True, but irrelevant in this case - the important thing is that the
UTF-8 encoded version of the relevant character takes two bytes.
(Other characters can take 1 or 3.)

Jon

Aug 22 '07 #8

This thread has been closed and replies have been disabled. Please start a new discussion.

Similar topics

53
by: Floyd | last post by:
GetByte(x, 3) should return the 3rd byte of the 32 bit integer x. Allowed operators: ! ~ & ^ | + << >> (no assignment!). Would the easiest way to do this be just creating 4 bit masks... and using...
1
by: David Union | last post by:
I am doing very simple code... in the middle of an http request, i set a filename (with path) and do a Response.WriteFile(filenamewithpath) then Response.End(). I have tried Response.Clear()...
3
by: Benny Ng | last post by:
Dear all, The following is the source. The password is encrypted and saved into the Binary in SQL2K. Now I want to create a new page to compare the existed password and the password that in the...
1
by: Rain | last post by:
if i had a line of message, how do i get the 1st two bytes? how to code this? thank you so much in advance...
10
by: Guillermo_Lopez | last post by:
Hello All, I am using VBA in access to perform some calculations. There is a particular sumation that is wrong (barely). this code is withing a loop.
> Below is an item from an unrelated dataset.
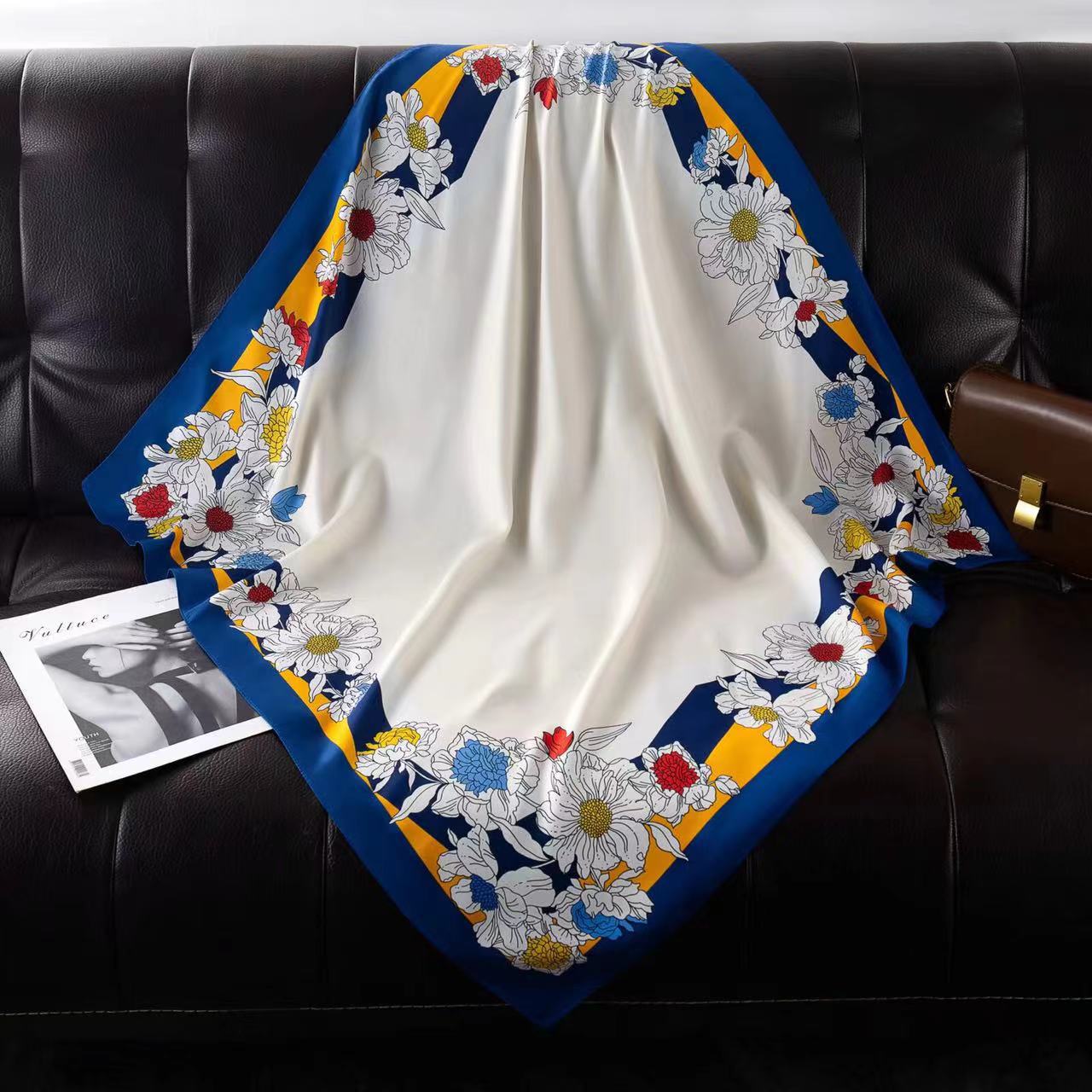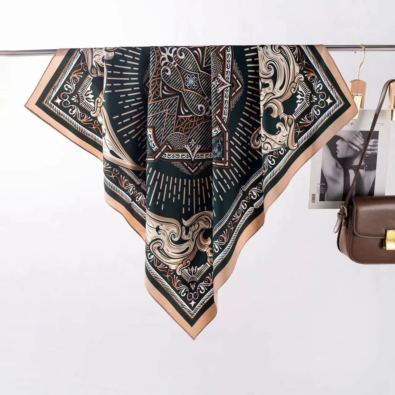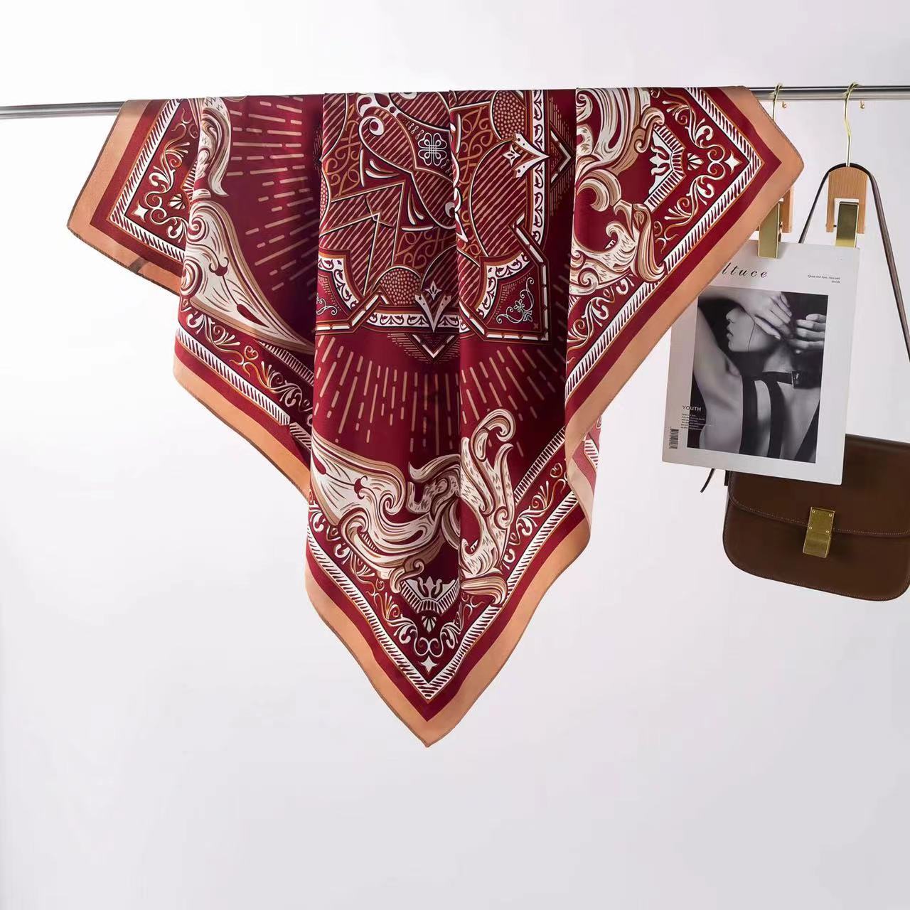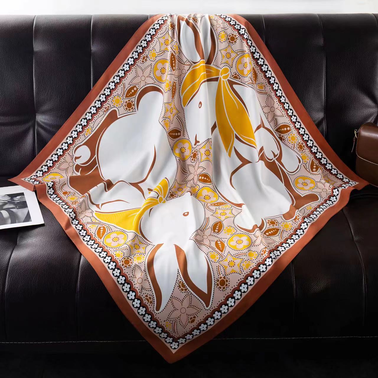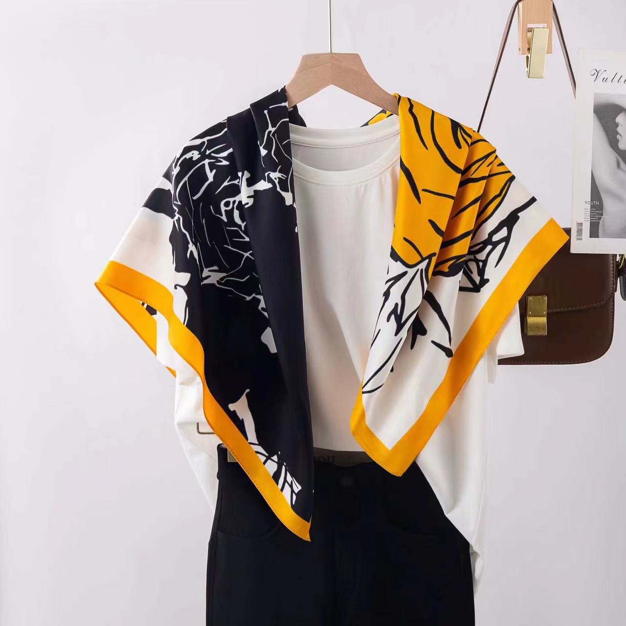 프린트 능직 90cm 정사각형 스카프 시뮬레이션 실크 스카프 일본과 한국 대외 무역 대형 사각형 스카프 인터넷 연예인 유행 다기능 숄 스카프

TDist = TDist + TempDist Both TDist...
0
by: taylorcarr | last post by:
A Canon printer is a smart device known for being advanced, efficient, and reliable. It is designed for home, office, and hybrid workspace use and can also be used for a variety of purposes. However,...
0
by: Charles Arthur | last post by:
How do i turn on java script on a villaon, callus and itel keypad mobile phone
0
by: aa123db | last post by:
Variable and constants Use var or let for variables and const fror constants. Var foo ='bar'; Let foo ='bar';const baz ='bar'; Functions function $name$ ($parameters$) { } ...
0
by: ryjfgjl | last post by:
In our work, we often receive Excel tables with data in the same format. If we want to analyze these data, it can be difficult to analyze them because the data is spread across multiple Excel files...
0
BarryA
by: BarryA | last post by:
What are the essential steps and strategies outlined in the Data Structures and Algorithms (DSA) roadmap for aspiring data scientists? How can individuals effectively utilize this roadmap to progress...
1
by: nemocccc | last post by:
hello, everyone, I want to develop a software for my android phone for daily needs, any suggestions?
1
by: Sonnysonu | last post by:
This is the data of csv file 1 2 3 1 2 3 1 2 3 1 2 3 2 3 2 3 3 the lengths should be different i have to store the data by column-wise with in the specific length. suppose the i have to...
0
Oralloy
by: Oralloy | last post by:
Hello folks, I am unable to find appropriate documentation on the type promotion of bit-fields when using the generalised comparison operator "<=>". The problem is that using the GNU compilers,...
0
jinu1996
by: jinu1996 | last post by:
In today's digital age, having a compelling online presence is paramount for businesses aiming to thrive in a competitive landscape. At the heart of this digital strategy lies an intricately woven...

By using Bytes.com and it's services, you agree to our Privacy Policy and Terms of Use.

To disable or enable advertisements and analytics tracking please visit the manage ads & tracking page.